The petition for rehearing is denied.

. February 21, 1973 was the date of the original decision of this appeal. On March 31, 1973 the respondents (appellees) filed a brief in which, for the first time, they sought to place reliance upon portions of a publication styled “Rules of the United States Board of Parole, effective January 1, 1971.” We are not advised as to whether or where those “rules” have been published in the Federal Register as required by 5 U.S.C. § 552 and 44 U.S.C. § 1507. Suffice it to say that the belatedly cited “rules” have not convinced us of any error in our original holding.

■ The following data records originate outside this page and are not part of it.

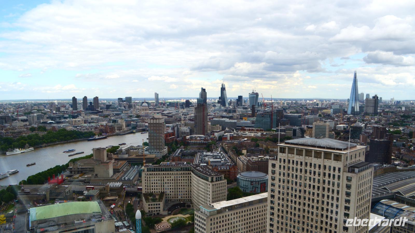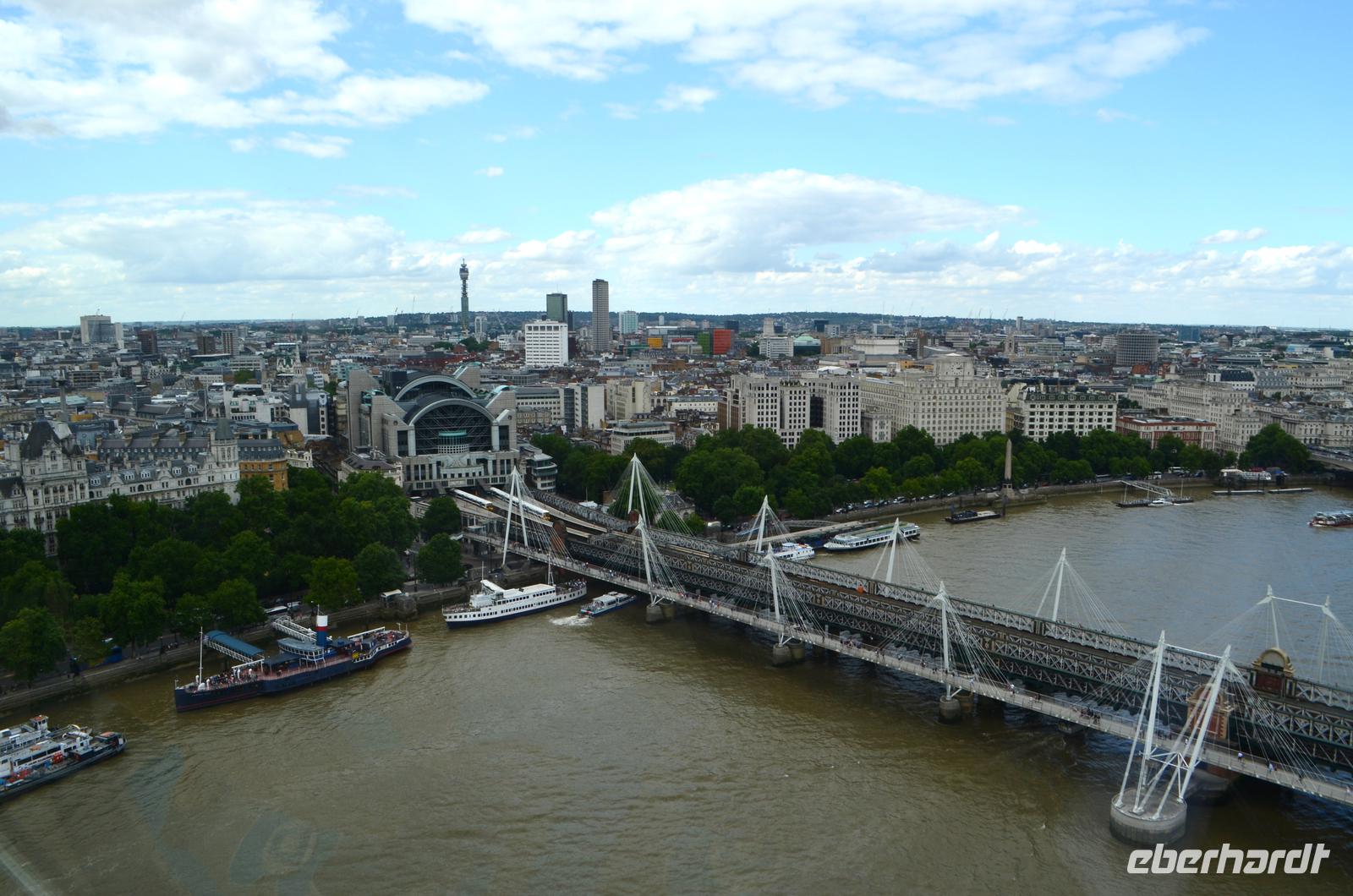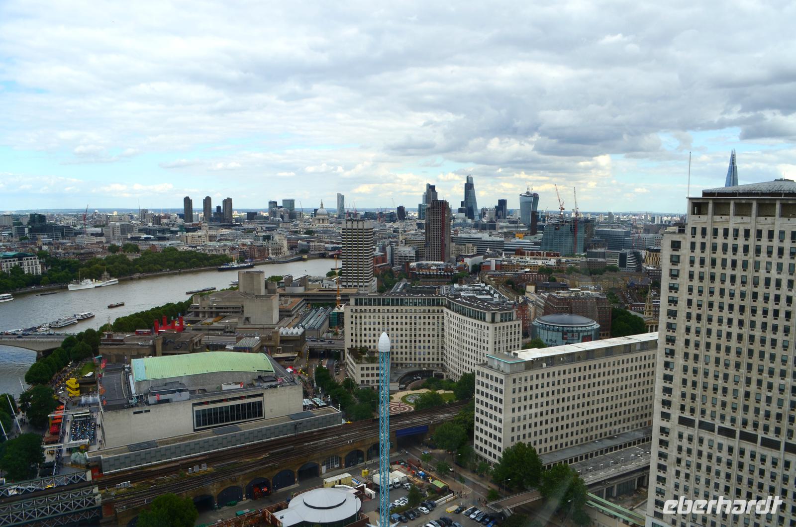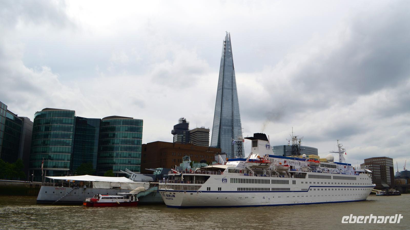 Tony hat alles wunderbar erklärt und so erkennen wir vieles auf unserer anschließenden Fahrt mit dem City-Cruise-Schiff themseabwärts wieder. Spektakuläre Ausblicke auf die Stadt eröffnen sich vom Fluss aus. Gerade an den Flussufern hat sich die Stadt in den letzen Jahren und im Zuge der olympischen Spiele total gewandelt. Die alten Speicher und Werften sind zu modernen Wohn- und Arbeitsorten umgebaut worden und bilden attraktive Ensemble.
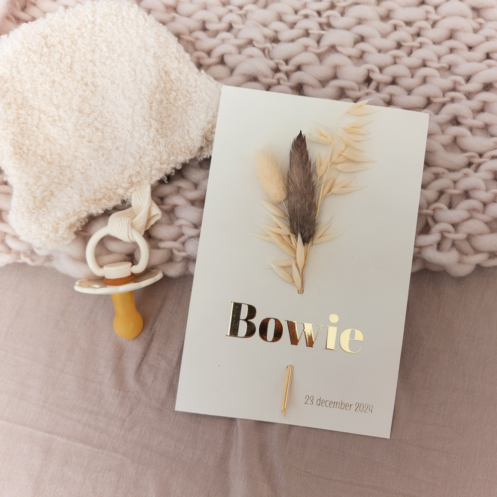 Genderneutraal geboortekaartje beige met droogbloemen
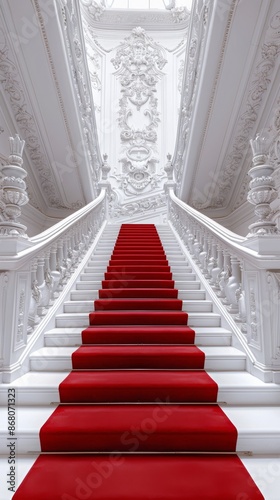Obraz premium Elegant grand staircase with red carpet in ornate white interior, luxury and...
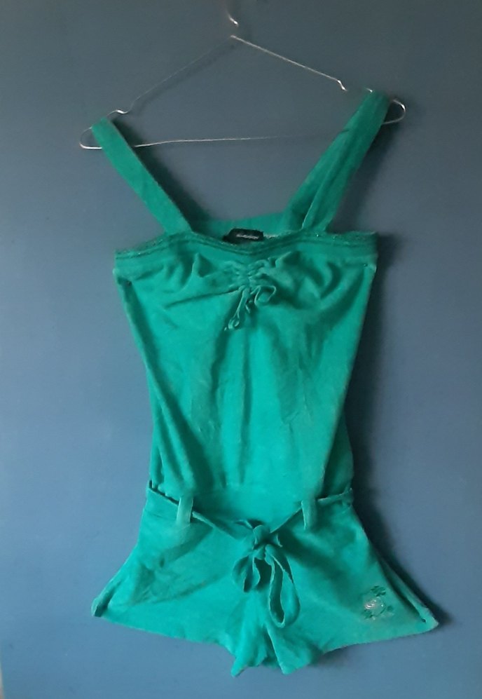 Dar kesim, askılı ve straplez yakalı kadın tulumu. Kemer detaylı, parlak turkuaz renkte ve yumuşak keten kumaştan yapılmıştır. Midi boyda, sokak stiline uygun.
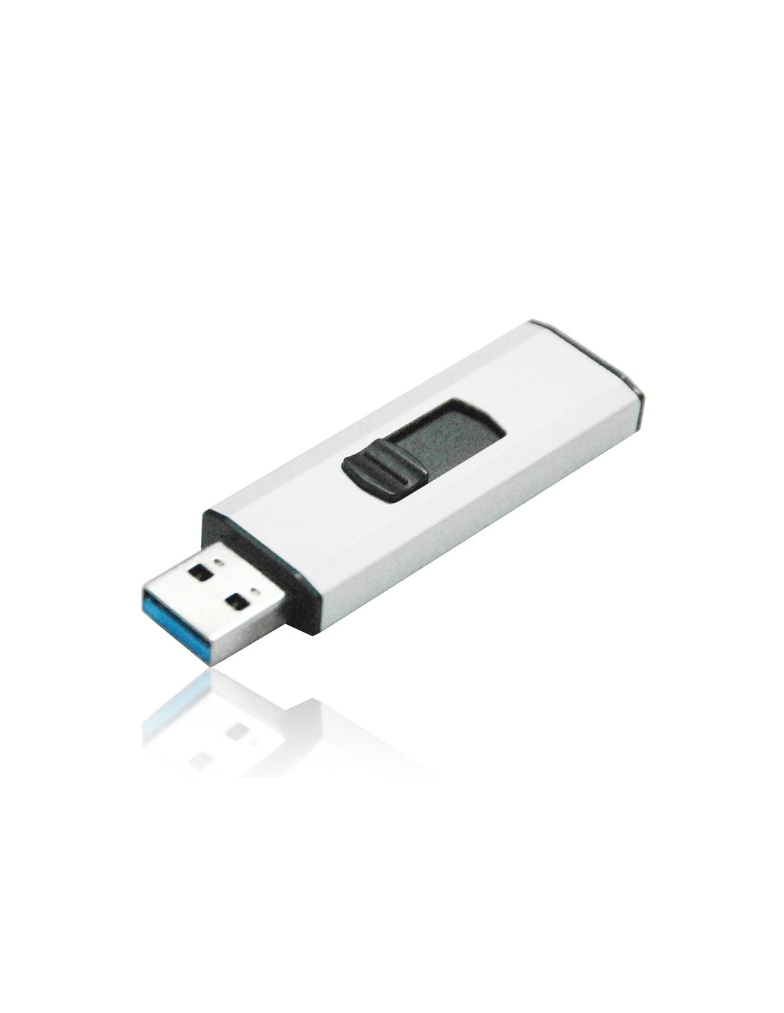 Memoria Flash USB con un excelente rendimiento y gran velocidad. Práctico formato retráctil el conector USB se oculta en el cuerpo compacto, para quedar totalmente protegido sin necesidad de una tapa. Interfaz SuperSpeed 3.0, compatible con USB 2.0. Color plateado. Cuenta con un orificio para colocar un cordón. Medidas 55 x 20 x 7 mm.
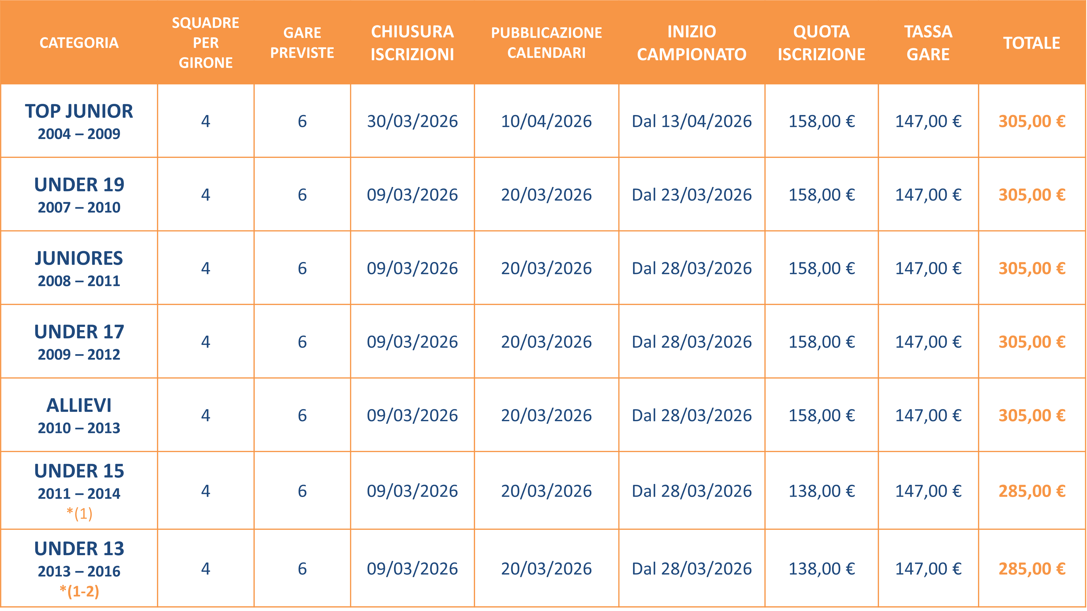 *(1): Sempre ammessa la partecipazione di ATLETE
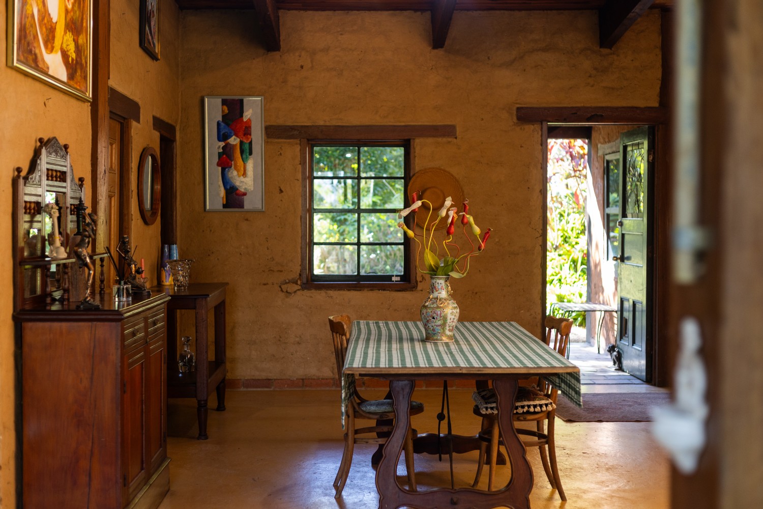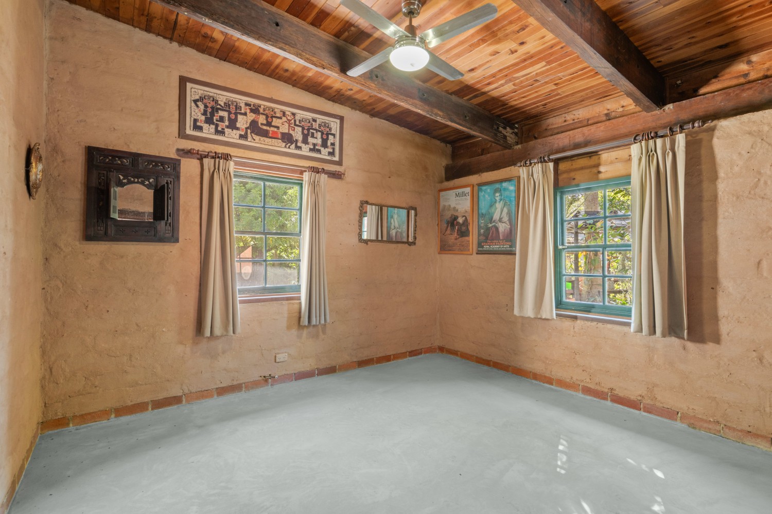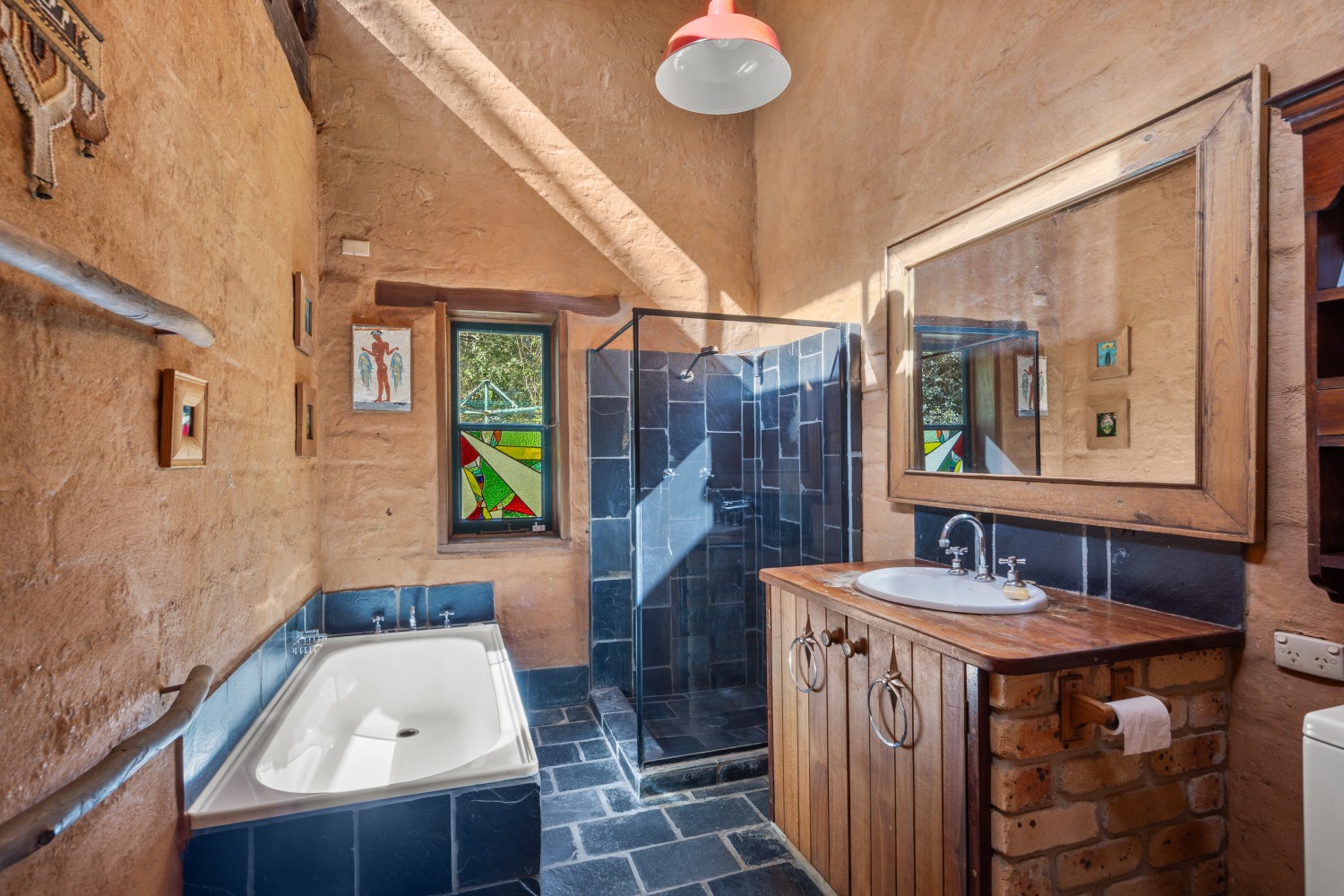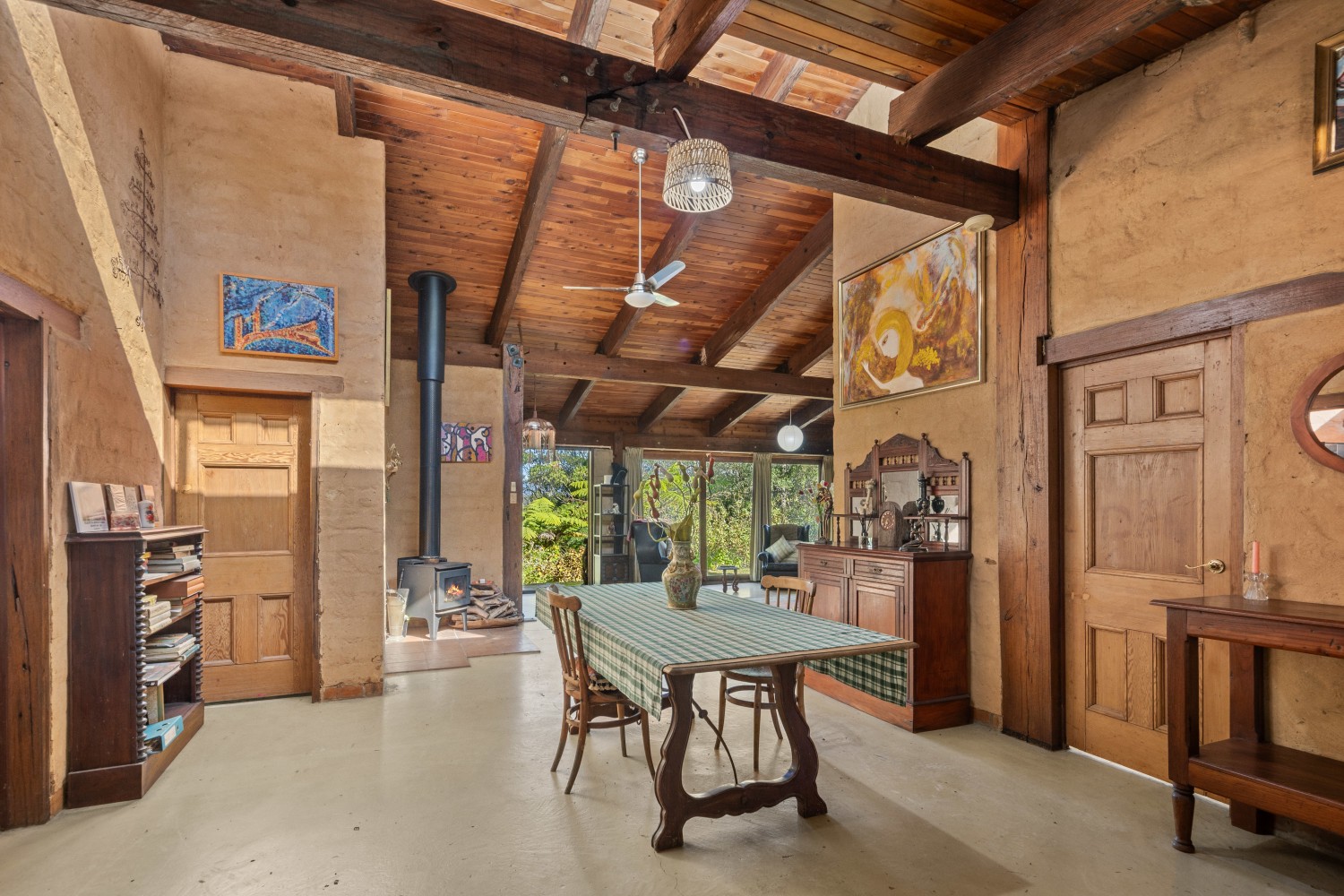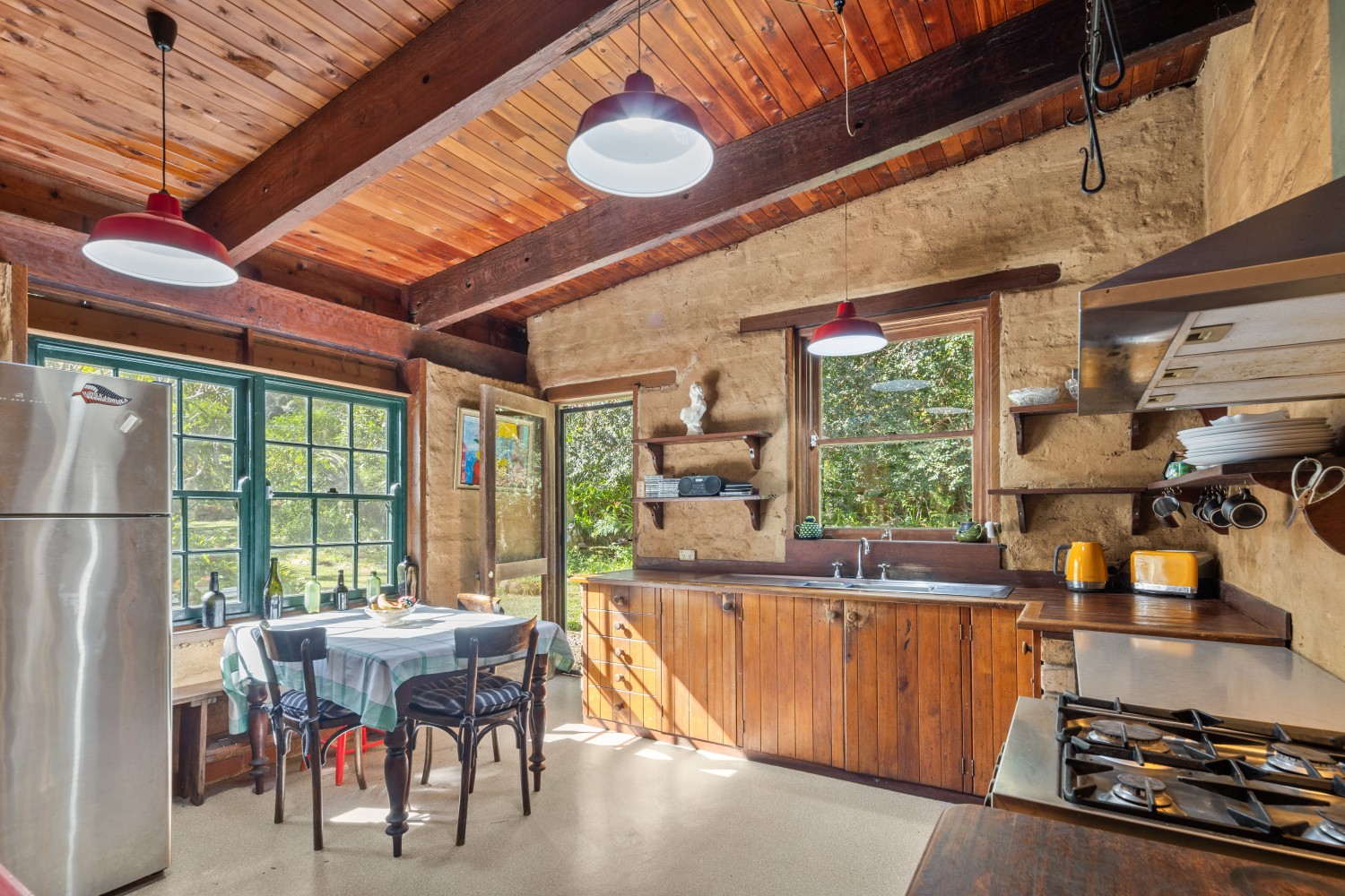 Main Home: Constructed from environmentally friendly mud brick, the main home features a spacious open-plan living and dining area with a cozy wood fire and large windows that frame the stunning gardens. It includes three generously sized bedrooms, a bathroom, laundry, and an eat-in kitchen, each offering picturesque views of the property. This home is council approved. Both homes are in need of a little TLC.

We adhere to our decision to base that holding on a narrow ground in deference to the holding of the Tenth Circuit in Earnest v. Moseley, 1970, 426 F.2d 466, 469. Nonetheless the doubt which we expressed as to the validity of that holding has been strengthened by the following considerations. Discretion is vested in the eight member Board of Parole (18 U.S.C. § 4201) to revoke an order of parole, terminate the parole, modify its terms and conditions, and require the prisoner to serve all or any part of the remainder of the term for which he was sentenced. (18 U.S.C. § 4207). Federal Trade Commission v. Flotill Products, Inc., 1967, 389 U.S. 179, 183, 184, 88 S.Ct. 401, 19 L.Ed.2d 398, held that absent a contrary statutory provision, the common law rule applies to the ascertainment of the number of members required to act for a collective body. The common law rule, according to that case, is that it requires a majority of a quorum which constitutes a majority of the collective body to act for the body. Under that decision, it would seem that five members would constitute a quorum of the eight member Board and that the discretion vested in the Board could, in no event, be exercised by less than three members constituting a majority of that quorum.






Rehearing

ON PETITION FOR REHEARING EN BANC ¡

Before BROWN, Chief Judge, and WISDOM, GEWIN, BELL, THORN-BERRY, COLEMAN, GOLDBERG, AINSWORTH, GODBOLD, DYER, SIMPSON, MORGAN, CLARK, RON-EY, and GEE, Circuit Judges.

BY THE COURT:

A member of the Court in active service having requested a poll on the application for rehearing en banc and a majority of the judges in active service having voted in favor of granting a rehearing en banc.

It is ordered that the cause shall be reheard by the Court en banc on briefs without oral argument.